I don't know guys, I guess I prefer Theraband Gold over the precise stuff. I'm not sure if it is the batch that I received, but to me tbg last longer, has really good stretch, and hits hard with 1/2" and 9/16" steel. 
I went through about 40 bands of precise. It's good stuff, and consistent, but it just seemingly doesn't last as long. 
Precise is getting a lot of good reviews, so it is definitely alright, and fast. I still have about 75 feet of tbg, I'll revisit precise again later.


----------



## treefork (Feb 1, 2010)

Did you initially purchase the 150 foot roll ?


----------



## Nicholson (Sep 25, 2012)

Yes 2 rolls equalling 150 feet lol


----------



## treefork (Feb 1, 2010)

Nicholson said:


> Yes 2 rolls equalling 150 feet lol


I ordered the 150 foot years ago . It's all gone now . I gave away quite a bit . Had it for years . I stored it air tight in zip lock bags with desiccant packs and then placed that in a water tight kayak cargo bag . Held up surprising well . I think it was about four years . TBG is still a top choice for slingshots IMO .


----------



## poekoelan (Jan 1, 2013)

My experience is just the opposite. I'm no flat band expert and there are types and materials that I have not tried yet. I have shot a lot of TBG though, and I got some precise .75 a couple months ago. I don't remember my TBG lasting near as long as this new precise stuff.
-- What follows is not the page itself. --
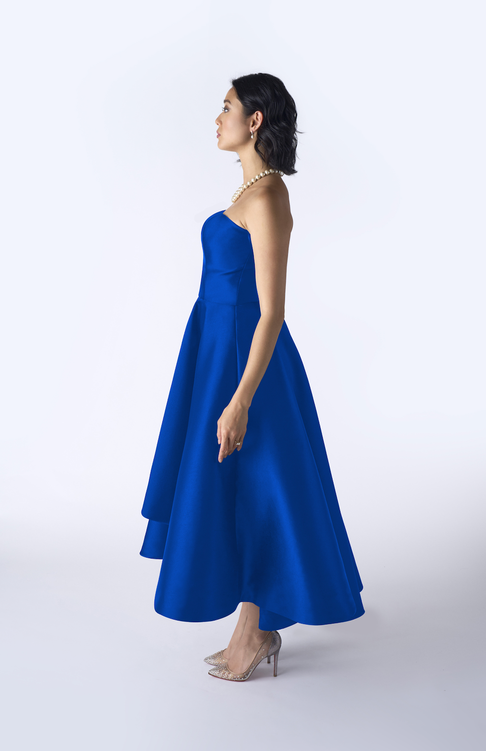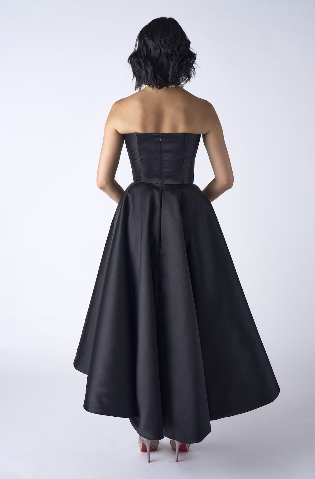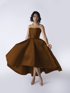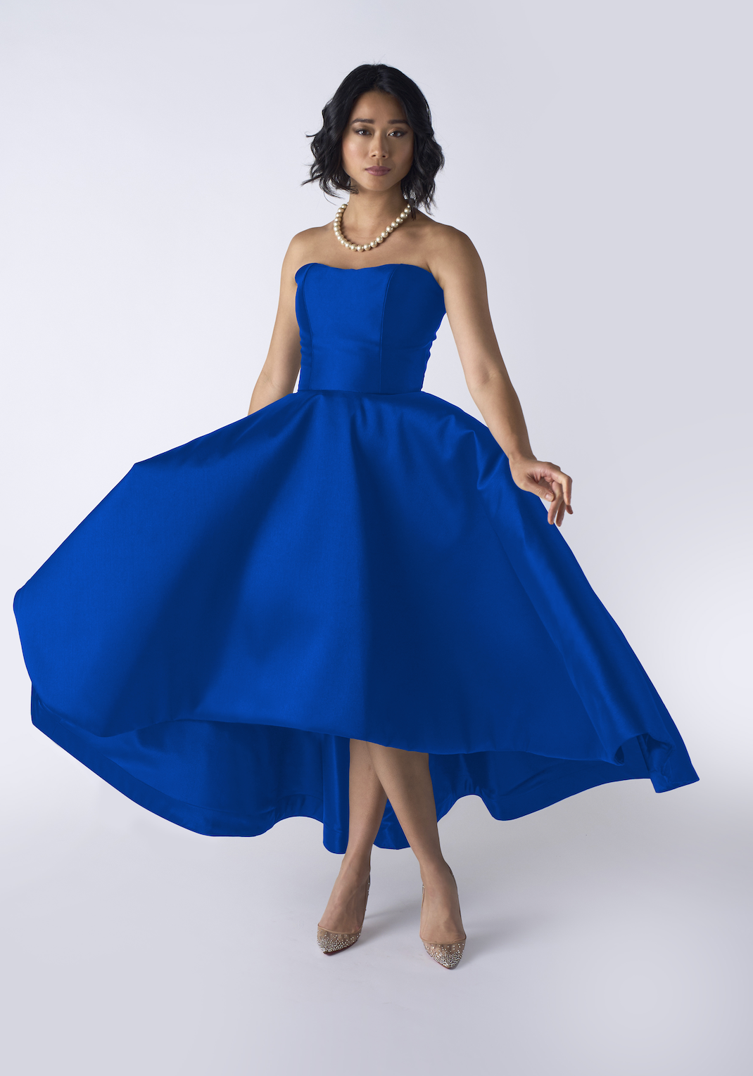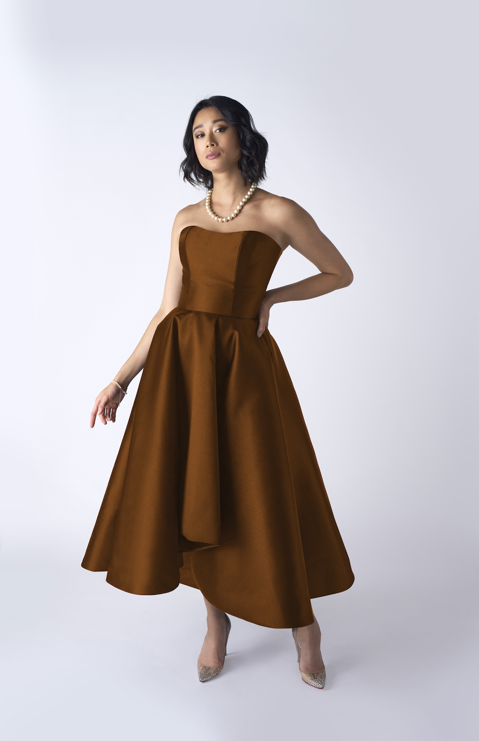In the Reverie, clean lines and a dramatic, sweeping high-low skirt create a silhouette that feels both refined and romantic. Crafted from structured mikado, the sculpted strapless bodice defines the waist while the full skirt moves with effortless grace below. A built-in corset shapes and supports, while the bridal satin lining feels soft and smooth against the skin. Elegant without trying too hard, the Reverie is designed for black-tie evenings, weddings, and any occasion where you want to look unforgettable and timelessly romantic.

Something to keep in mind though is that batches of elastic can and do vary from one another from time to time and this can explain why we have different experiences.


----------



## Nicholson (Sep 25, 2012)

Thanks for the input poekoelan. I’m Keeping an open mind, and just ordered some GZK. Which color precise did you get?


----------



## poekoelan (Jan 1, 2013)

I think the color was orange/yellow. The thickness was .75mm.


----------